Photographs created in the pictorialist style are characterized by an obvious narrative approach to their subject matter; pictorialist photographs therefore appear staged and contain heavy application of genre, mood, soft-focus lighting, and impressionist imagery.
Pictorialism was favoured by a number of nineteenth century artistic movements, including the New York based photography group the Linked Ring and Photo Secessionists (Batchen 764; Patty 32).
Pictorialism is best described as a transitional phase between painting and photography.
The pictorialist photographers were essentially thinking like painters, and despite the fact that they advocated the process of photography as a mode of fine art more so than a scientific advance, the photographs created by proponents of the pictorialist movement more closely resembled painting styles and while the goal of the pictorialists was to legitimize photography as art in its own right, the pictorialists nonetheless attempted to match photography to the existing genres of painting.

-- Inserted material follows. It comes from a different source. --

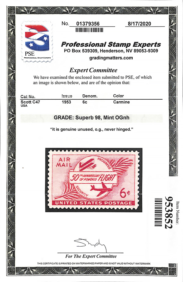 7258 nh C47 imageAirmail, 1953, 6¢ Powered Flight (Scott C47), o.g., never hinged, Superb, with 2020 P.S.E. certificate graded SUP 98.

Thus, the early art works of the pictorialists tended to mimic the styles and genres recognizable from painting.
In the 1850s, art photographers such as Rejlander and Robinson encouraged the creation of stage-managed images that the photographers had handcrafted into photographic images to resemble the mood and framing of painting (Lewis 11). Robinson maintained that a successful art photograph exhibited as much handcraft and finesse as any other popular art medium, such as painting and sculpture.
Photographers such as Henry Peach Robinson and Oscar Gustav Rejlander used multiple exposures, and developed combination printing, in addition to the staging of their photographic subjects (Scott 35). In the 1858 photograph Fading Away for example, the photographer Henry Peach Robinson photographed the scene using a total of six separate negatives.
Each negative was individually printed and cut out, after which Robinson attached the negative to a solitary background. In the next phase, Robinson reconfigured the joinery and then photographed the collage a second time. The goal of this process was produce a seamless print and guaranteed Robinson’s position as one of the most well known and well used photographers of the era.
Pictorialists such as Rejlander and Robinson eventually lost favour to later photographers such as Peter Henry Emerson, who was determined to develop naturalism in photography. Emerson felt that art photography needed to use the new medium to capture reality, and he strongly promoted the use of realistic photography without artifice or manipulation of any kind.
Thus Emerson’s work used real individuals and avoided the use of actors. Emerson also used soft focus, advocated the idea of the photographic salon, and promoted the use of modern photographic processes at the time, including photogravure and platinum (Lewis 14).
By the end of nineteenth century, advances in photography led to the replacement of the Wet Plate with the Dry Plate Process. Soon after, the amateur photographer began to come to the fore of the art world.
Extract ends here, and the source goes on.